What you are asked to do: Without any pictures, print exactly the lines that run from the start of the data through the line containing "4. **Add Network".

Dataset excerpts
....

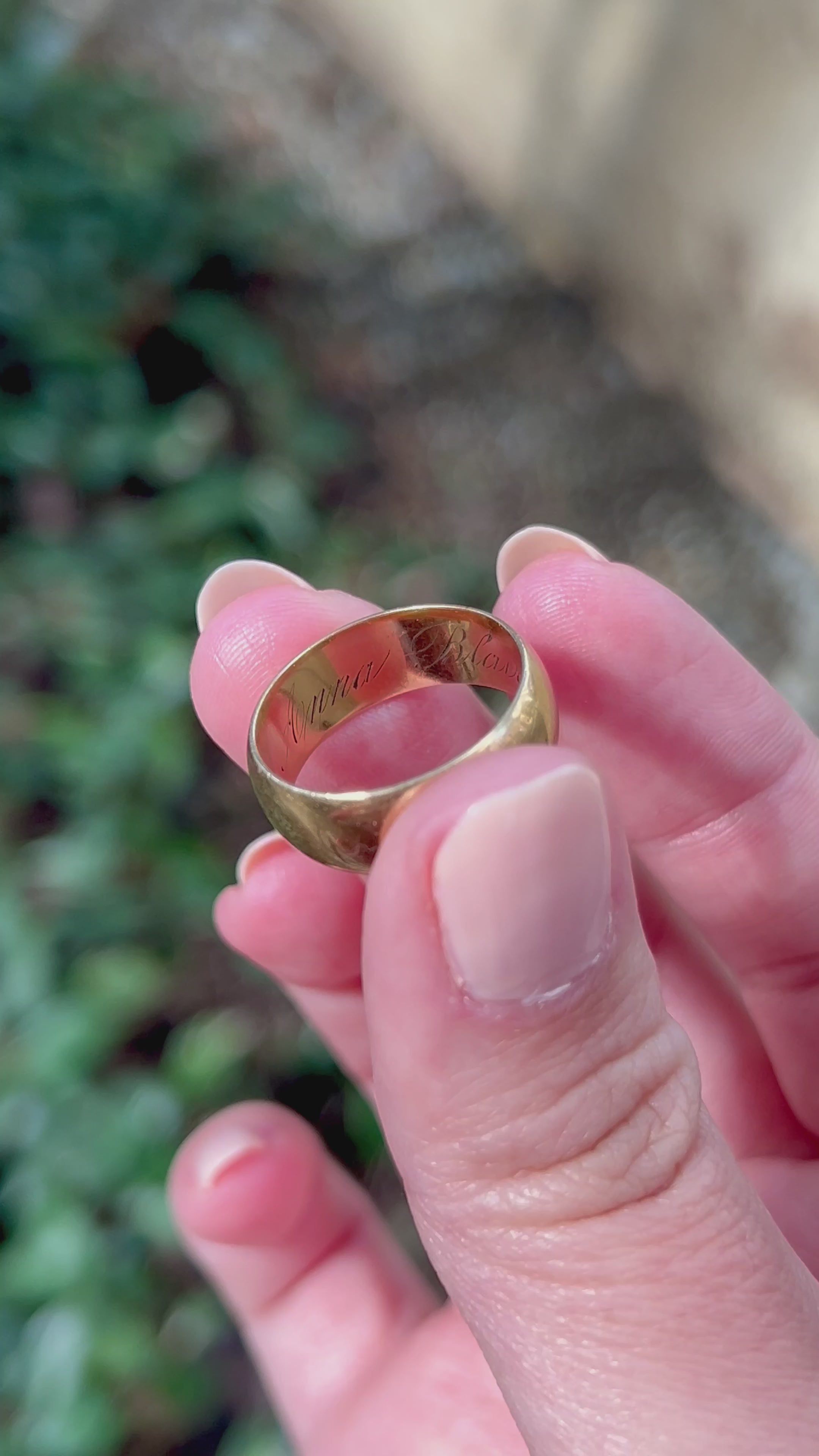 Step into the world of sentimental jewelry with this classic Victorian gold band featuring a rich patina. This antique piece boasts a beautiful inscription that reads "Anna Blair Sept. 28 '77," making it the perfect accessory or unique gift.
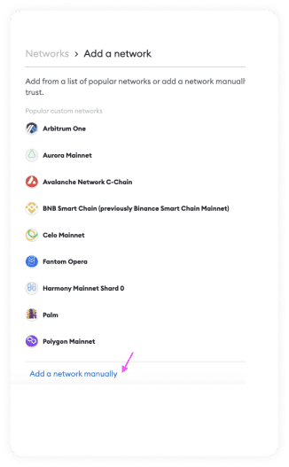 4. **Add Network Manually**: If the Arcturus network isn't listed, scroll to the bottom and select "Add a Network Manually."
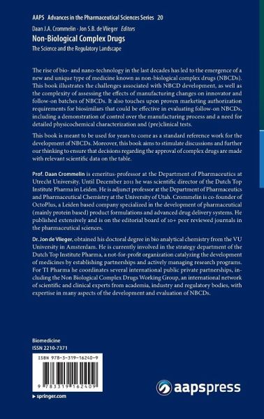 The rise of bio- and nano-technology in the last decades has led to the emergence of a new and unique type of medicine known as non-biological complex drugs (NBCDs). This book illustrates the challenges associated with NBCD development, as well as the complexity of assessing the effects of manufacturing changes on innovator and follow-on batches of NBCDs. It also touches upon proven marketing authorization requirements for biosimilars that could be effective in evaluating follow-on NBCDs, including a demonstration of control over the manufacturing process and a need for detailed physico-chemical characterization and (pre)clinical tests.
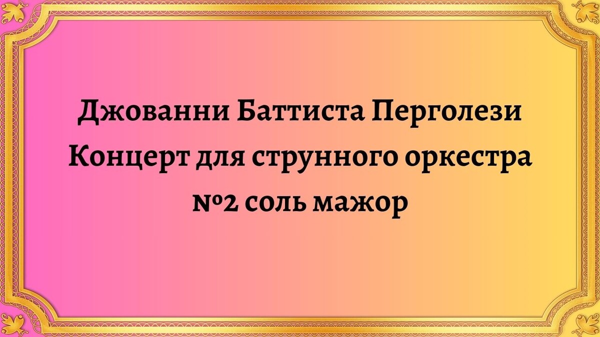 Концерт для струнного оркестра № 2 соль мажор Джованни Баттиста Перголези — потрясающий и элегантный пример итальянской барочной музыки. Перголези, родившийся в 1710 году и умерший всего в 26 лет, был наиболее известен своими драматическими произведениями, но этот концерт демонстрирует его мастерство инструментальной композиции.
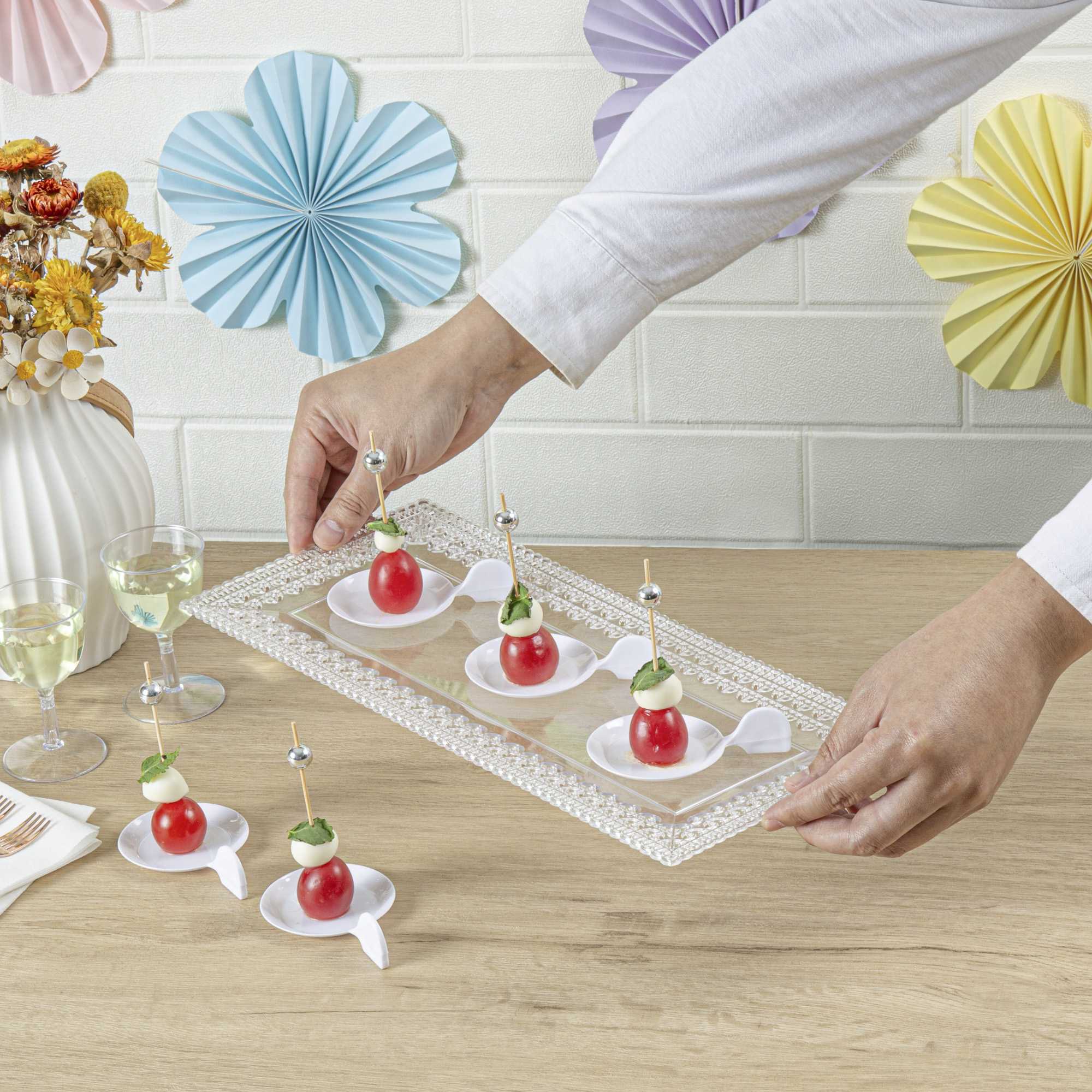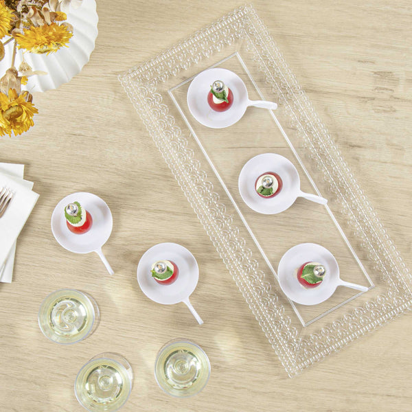 Serve individual food samples in a unique way with our Mini Serve Fish White Plastic Tasting Plates. These premium disposable plastic plates are ideal for stylishly serving small portions at any event. The recyclable material of these sauce dishes allows for an eco-friendly solution to single-use plating. The fish-shaped design with a handle adds visual interest to complement any tablescape while providing a comfortable grip. These modern plates for food sampling have a white finish, adding a perfect neutral backdrop to showcase beautifully presented food samples. The lightweight yet durable plastic construction of these disposable mini food plates enables easy transport and handling. Measuring 3.75 inches in length by 2.5 inches in width, these miniature appetizer plates contain the perfect amount of food in each sample. Sold in a 100 count box.

....

Exercise result:
 Step into the world of sentimental jewelry with this classic Victorian gold band featuring a rich patina. This antique piece boasts a beautiful inscription that reads "Anna Blair Sept. 28 '77," making it the perfect accessory or unique gift.
 4. **Add Network Manually**: If the Arcturus network isn't listed, scroll to the bottom and select "Add a Network Manually."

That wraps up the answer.